RESULTS: Fetal heart rate (FHR), FHR variability, accelerations in FHR, and motor activity were suppressed when buprenorphine-naloxone levels were at pharmacologic peak as compared to trough concentrations at 36 weeks, but not earlier in gestation. Maternal medication dose was unrelated to infant NAS severity.

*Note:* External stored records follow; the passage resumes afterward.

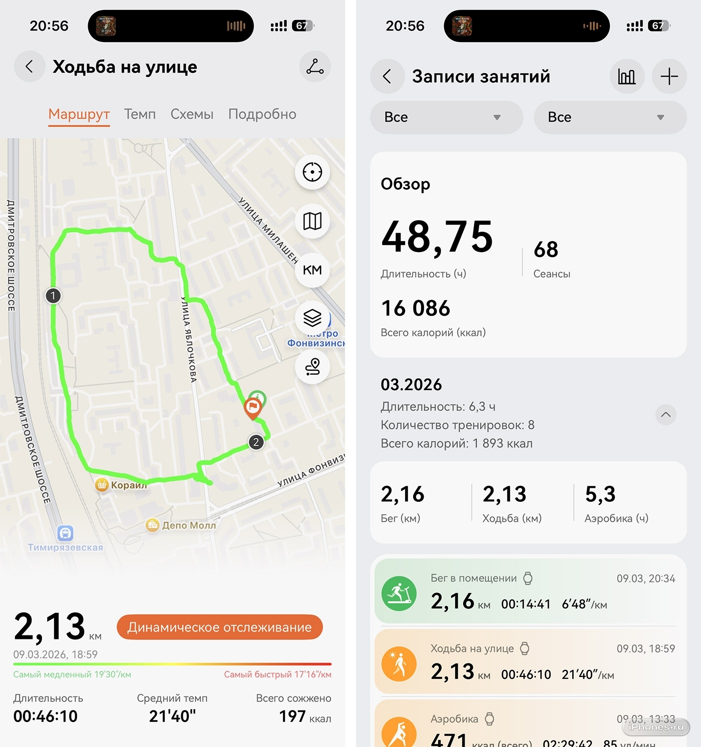 Во время пробежек по городу мы сравнили трек со смартфоном в кармане. Часы нарисовали идеально ровную линию по тротуару, в то время как телефон периодически «закидывал» на крыши домов, проезжую часть и в Шереметьево, куда ж без этого.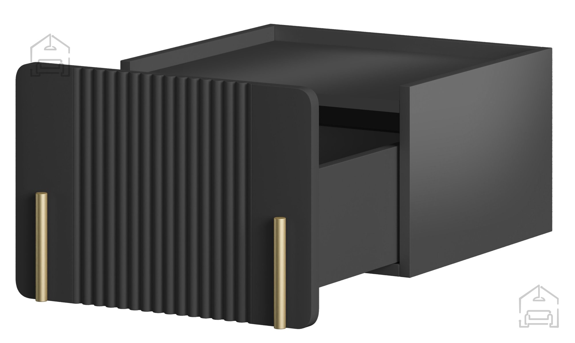 Das Wand-Nachtkästchen Malmi besticht durch seine elegante schwarze Farbe, die sich harmonisch in unterschiedlichste Einrichtungsstile einfügt. Goldfarbene Akzente verleihen dem Möbelstück einen Hauch von Luxus, der garantiert alle Blicke auf sich zieht. Gefertigt in der Bogart-Fabrik in Bosnien, überzeugt diese Kommode mit hochwertiger Verarbeitung, die auf Erfahrung und Tradition beruht.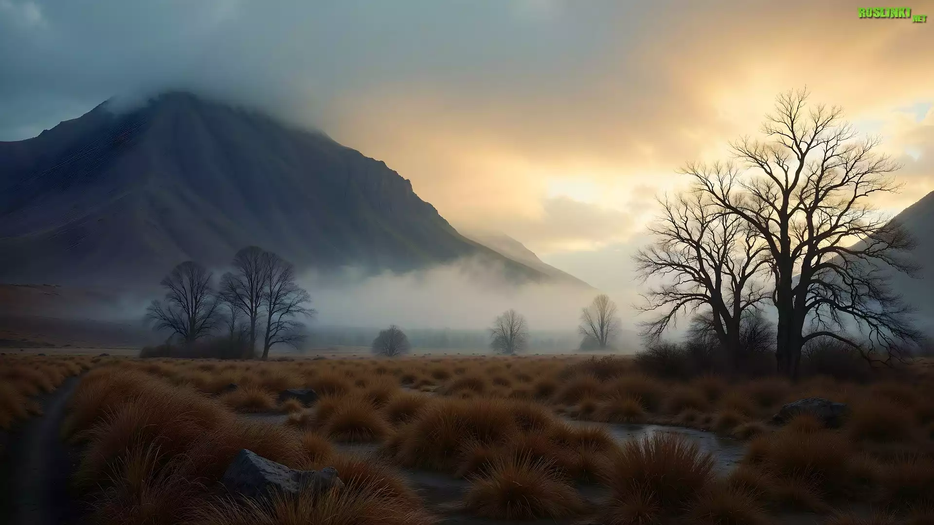 Rośliny: Jesień, Drzewa, Kępki, Traw, Mokradła, Mgła, Góra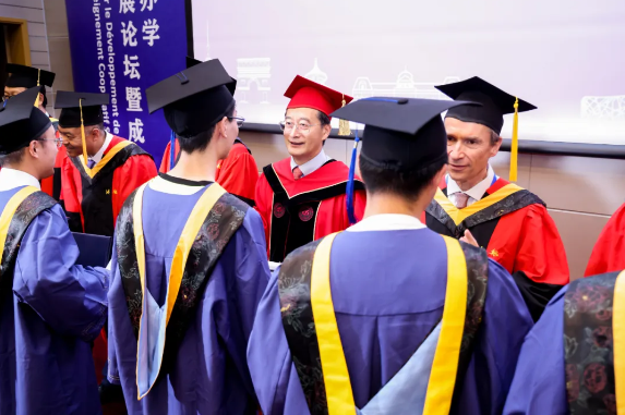Wang Yunpeng and Romain SOUBEYRAN turned the tassel from right to left side and award students a diploma (this is a graduation ceremony).

CONCLUSIONS: Conclusions: There were evident subclinical fetal neurophysiological responses at times of peak maternal buprenorphine/naloxone levels in later gestation, similar to those previously described for buprenorphine only. Further studies evaluating the effects of these changes in fetal neurobehaviors on the longer-term infant development are needed.
摘要:
背景:丁丙诺啡-纳洛酮治疗可能为妊娠期阿片类药物使用障碍(OUD)的治疗带来实质性益处,包括降低过量/死亡的风险,减少了转移潜力,减少了其他物质的使用。治疗也可能导致不太严重的新生儿禁欲综合征(NAS),但对这种药物对胎儿神经发育的影响知之甚少。
方法:本研究的目的是评估接受丁丙诺啡-纳洛酮治疗的OUD孕妇在妊娠第二和第三个三个月暴露于丁丙诺啡-纳洛酮的胎儿的神经行为。在24名孕妇中,丁丙诺啡-纳洛酮水平达到峰值和谷值时,通过带有单个宽阵列腹部换能器的胎儿心电描记器进行了60分钟的连续胎儿监测。.数据收集,包括测量胎儿心率和运动活动,在妊娠24到36周之间进行,大多数(84.6%)在两个或两个以上胎龄进行监测。在整个研究过程中监测药物剂量和其他物质的使用,并评估婴儿NAS的严重程度。
结果:胎儿心率(FHR),FHR变异性,FHR中的加速度,与36周时的谷浓度相比,当丁丙诺啡-纳洛酮水平处于药理学峰值时,运动活动受到抑制,但不是在妊娠早期。产妇用药剂量与婴儿NAS严重程度无关。
结论:结论:妊娠后期母体丁丙诺啡/纳洛酮峰值时,胎儿有明显的亚临床神经生理反应,类似于以前描述的丁丙诺啡。需要进一步研究评估胎儿神经行为的这些变化对婴儿长期发育的影响。
方法:本研究的目的是评估接受丁丙诺啡-纳洛酮治疗的OUD孕妇在妊娠第二和第三个三个月暴露于丁丙诺啡-纳洛酮的胎儿的神经行为。在24名孕妇中,丁丙诺啡-纳洛酮水平达到峰值和谷值时,通过带有单个宽阵列腹部换能器的胎儿心电描记器进行了60分钟的连续胎儿监测。.数据收集,包括测量胎儿心率和运动活动,在妊娠24到36周之间进行,大多数(84.6%)在两个或两个以上胎龄进行监测。在整个研究过程中监测药物剂量和其他物质的使用,并评估婴儿NAS的严重程度。
结果:胎儿心率(FHR),FHR变异性,FHR中的加速度,与36周时的谷浓度相比,当丁丙诺啡-纳洛酮水平处于药理学峰值时,运动活动受到抑制,但不是在妊娠早期。产妇用药剂量与婴儿NAS严重程度无关。
结论:结论:妊娠后期母体丁丙诺啡/纳洛酮峰值时,胎儿有明显的亚临床神经生理反应,类似于以前描述的丁丙诺啡。需要进一步研究评估胎儿神经行为的这些变化对婴儿长期发育的影响。